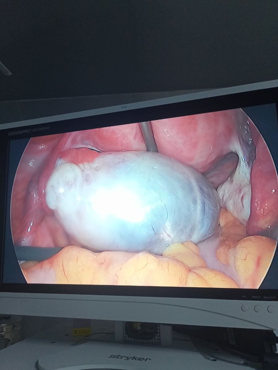 Sau hơn 1 giờ phẫu thuật nội soi, ê kíp phẫu thuật đã bóc thành công khối u nang buồng trứng trái, kích thước khoảng 8x6 cm, bảo tồn được buồng trứng. Sau phẫu thuật, sức khỏe của người bệnh ổn định, hồi phục tốt.
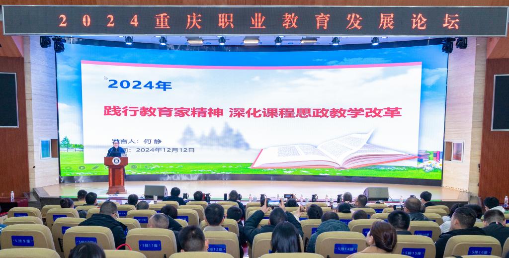 南京大学教育研究院教授、江苏教育名师发展研究中心主任季春梅作《教育家精神与新时代教师使命》主旨报告。重庆工业职业技术学院人工智能与大数据学院副院长何静、重庆市渝北职业教育中心党委书记张扬群、重庆电子科技职业大学电子与互联网学院院长陈良、万州区教委副主任王远成、重庆市荣昌职教中心党委书记曹礼静、重庆城市职业学院副校长陈志军、重庆市九龙坡职业教育中心全国优秀教师罗慧、市教科院职成教所理论研究中心负责人彭茂辉等8名专家先后作专题报告。
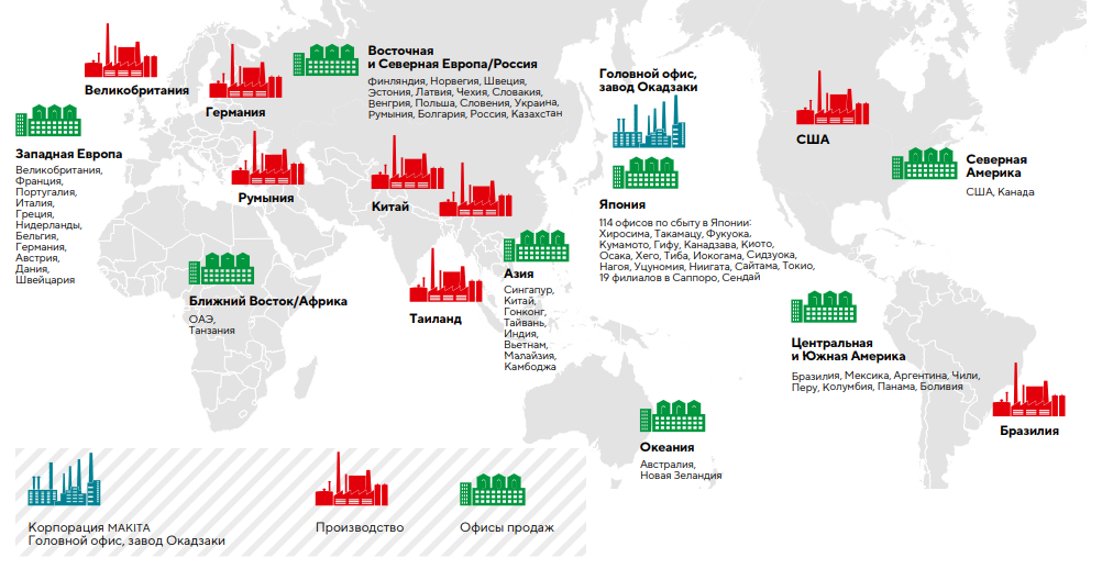Сегодня Makita — мировой лидер с представительствами в 50 странах и заводами по всему миру. Более 1000 наименований инструментов, Качество в каждой детали.
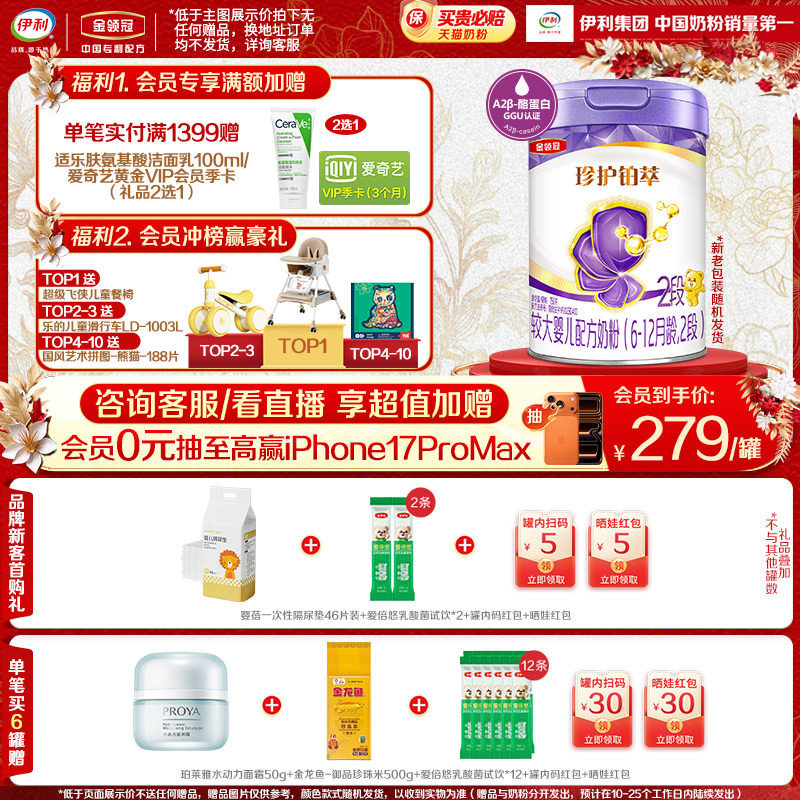 【90种全面营养】伊利金领冠珍护铂萃2段6-12月婴幼儿奶粉750g
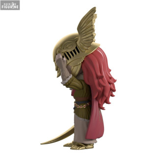 Check out this 14 cm vinyl figure: her winged helm conceals a determined face, save for a subtle curved line of her lips hinting at her focus. Beneath the visor, her crimson hair cascades from a crimson cloak, while intricately runed gold armor molds to every curve. She holds her curved blade, etched with filigree, poised to spring from her gauntleted hand at any moment.
* * * * * * * * *
• _Task_
Would you mind repeating the records above exactly, without the pictures?

• _The answer_
 Sau hơn 1 giờ phẫu thuật nội soi, ê kíp phẫu thuật đã bóc thành công khối u nang buồng trứng trái, kích thước khoảng 8x6 cm, bảo tồn được buồng trứng. Sau phẫu thuật, sức khỏe của người bệnh ổn định, hồi phục tốt.
 南京大学教育研究院教授、江苏教育名师发展研究中心主任季春梅作《教育家精神与新时代教师使命》主旨报告。重庆工业职业技术学院人工智能与大数据学院副院长何静、重庆市渝北职业教育中心党委书记张扬群、重庆电子科技职业大学电子与互联网学院院长陈良、万州区教委副主任王远成、重庆市荣昌职教中心党委书记曹礼静、重庆城市职业学院副校长陈志军、重庆市九龙坡职业教育中心全国优秀教师罗慧、市教科院职成教所理论研究中心负责人彭茂辉等8名专家先后作专题报告。
Сегодня Makita — мировой лидер с представительствами в 50 странах и заводами по всему миру. Более 1000 наименований инструментов, Качество в каждой детали.
 【90种全面营养】伊利金领冠珍护铂萃2段6-12月婴幼儿奶粉750g
 Check out this 14 cm vinyl figure: her winged helm conceals a determined face, save for a subtle curved line of her lips hinting at her focus. Beneath the visor, her crimson hair cascades from a crimson cloak, while intricately runed gold armor molds to every curve. She holds her curved blade, etched with filigree, poised to spring from her gauntleted hand at any moment.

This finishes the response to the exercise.